Caged is nothing but an unnecessary rehash of stuff that already has been organized in the musical system, and the nature of the instrument.
It’s like deviding the letters of the alphabet in 5 groups and declare you have found a system to help people spell words.
I don't exactly agree. I mean, well, ugh - I do of course somewhat agree, but by that logic, bog standard barré chords would possibly fall under that definition, too.
The idea behind both is: Take an already wellknown shape and move it. Then have a look at how you can modify it. And either model doesn't start with whatever "proper" musical model but with a model working well on guitar in open position.
Add to this that the guitar lends to these kinda approaches because of the easy transposibility.
So, I think that's a pretty valid idea in general, especially as not-so-advanced folks seem to get it quite easily.

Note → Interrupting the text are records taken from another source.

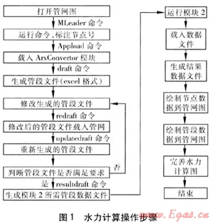 利用GPA軟件進(jìn)行水力計(jì)算,操作人員僅需熟悉AutoCAD與Excel的操作命令即可,簡便易懂。利用GPA軟件進(jìn)行水力計(jì)算的詳細(xì)操作步驟見圖1。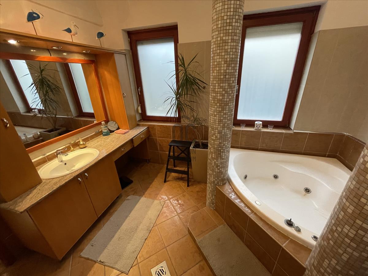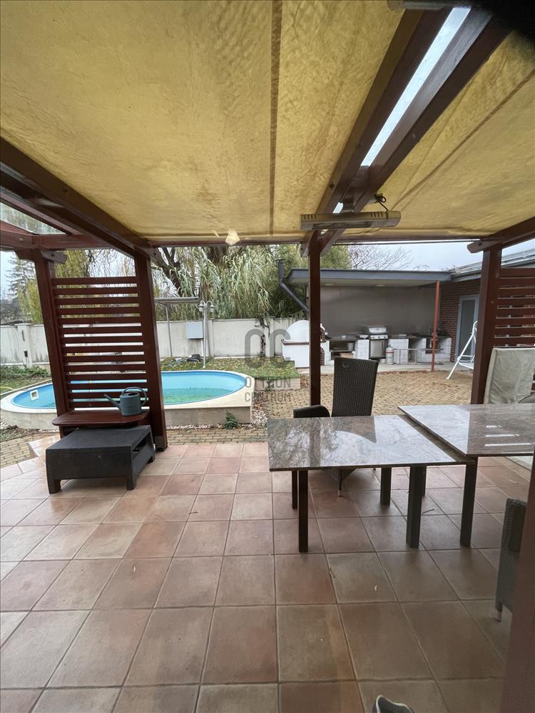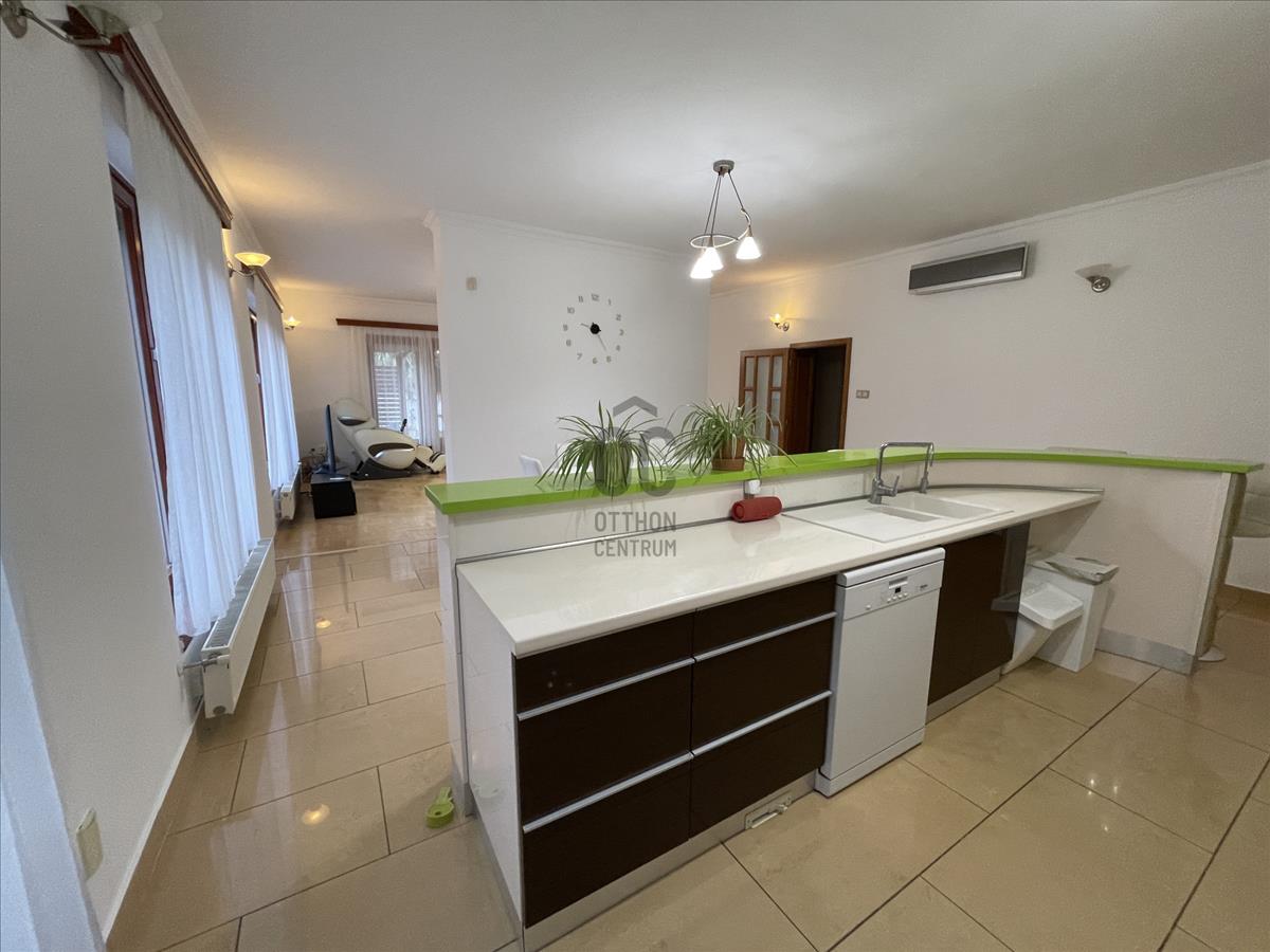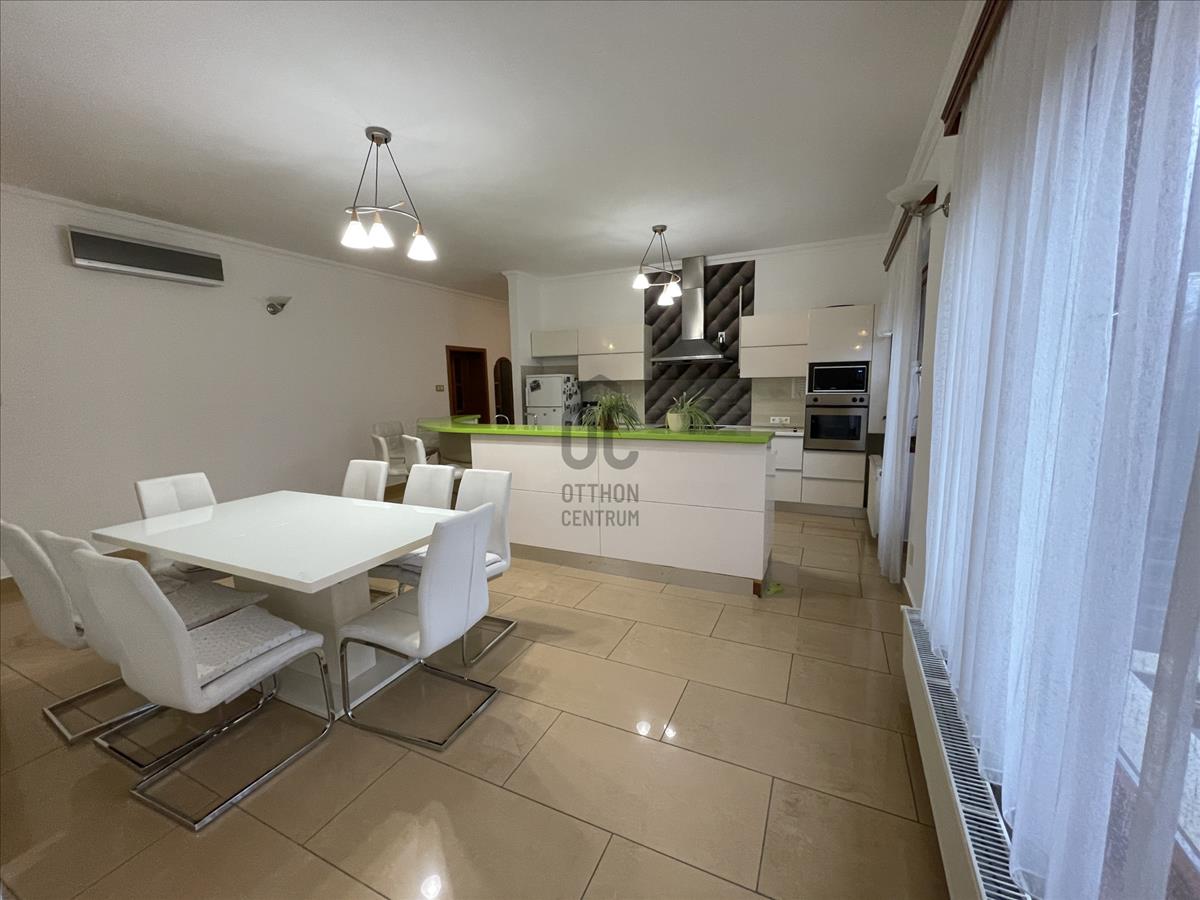 Helyiségei: hatalmas, világos, hangulatos konyha-étkező-nappali, 3 különnyíló szoba, 2 fürdőszoba (zuhanyzós és kádas), 2 wc, kamra, mosókonyha, gépészet, gardrób, dupla garázs.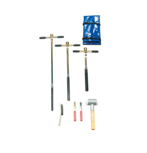 The set consists of three two-piece gouge augers with different diameters. By first taking a sample with the gouge with the largest diameter and subsequently with gouges having smaller diameters, cross-contamination among the samples is avoided. The gouges have a diameter of 40, 30 and 20 millimetres with a net length of 30 centimetres

What I personally (<-!) however don't exactly get is why some people don't make a "transition" to another more generally valid approach at one point in time. I mean, 4-part 7th chords (likely in their drop 2 incarnations) is something you can easily transfer to other instruments. Same for triads. It's also a means of general music communication. "C-shape in 7th position" doesn't make sense to anyone but a guitar player. Add to this that if you really want to get deeper into things, you will likely have to learn note relations, intervals, scale degrees, inversions and what not anyway.

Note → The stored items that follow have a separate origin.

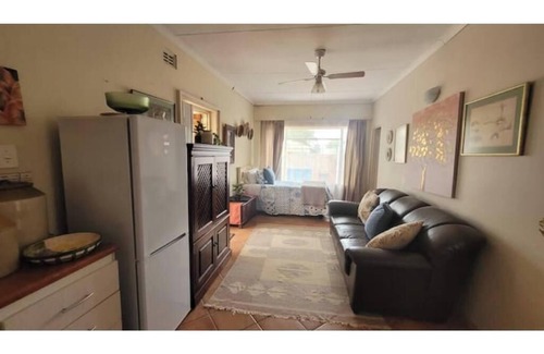 Free standing unit , fully equipped and fully furnished with own entrance , own garden with braai area and own parking. Consist of bedroom with double bed and lounge with extra single bed , kitchen and bathroom with access from bedroom and lounge.Suitable for single or married couple long term or 2 singles or family of 3 short term.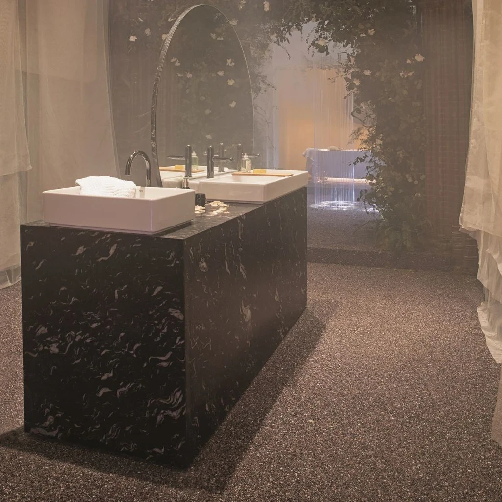A pedra original Naturamia Cheyenne Xtreme, com sua superfície polida, transforma os lavatórios, o grande espelho e a porta em belas esculturas. O acabamento vintage apresentado nesse granito preserva o tom natural e as qualidades originais, permitindo que ele atue como o fio condutor entre a decadência da capela e a modernidade do projeto do arquiteto. A peça selecionada por Carulla, feita com a pedra original do Grupo Levantina, combina a funcionalidade, a sustentabilidade e o aspecto estético da visão do designer, bem como a presença imersiva da pedra original natural Cheyenne Xtreme.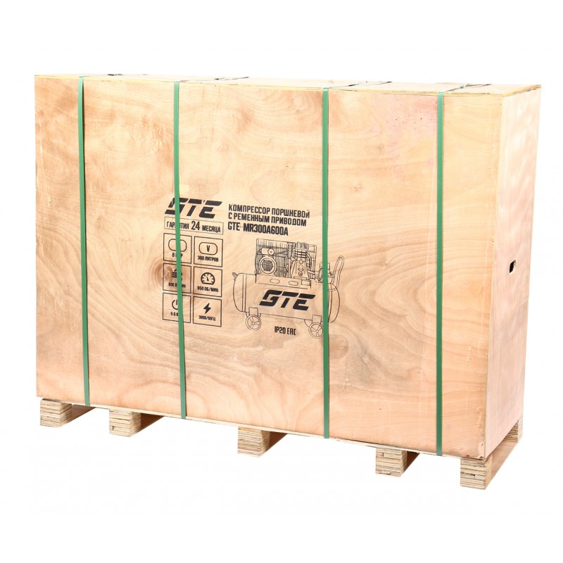 Компрессор пневматический 380В 5.5кВт 8атм. 600л/мин. ресивер-300л поршн. ремен. одноступенчатый GTE GTE-MR300A600A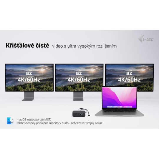 Vysoko výkonná kancelárska dokovacia stanica USB-C s podporou až 3 externých monitorov s rozlíšením 4K. Stanica je kompatibilná s akýmkoľvek notebookom vybaveným portom USB-C, USB4 alebo Thunderbolt 3/4/5. Samozrejmosťou je tiež možnosť nabíjania notebooku či tabletu výkonom až 100 W.

Whatever, quite some high profiled players seem think all the way in the CAGED system, so it can't be complete nonsense. And in the end, it's mainly just a different POV of one and the same thing, possibly leading you to different playing ideas.
One thing I just never got is how the CAGED model would help you much with any scale related things. Sure, I somehow get it, but I think that more generally applicable ways to organize notes are a better tool.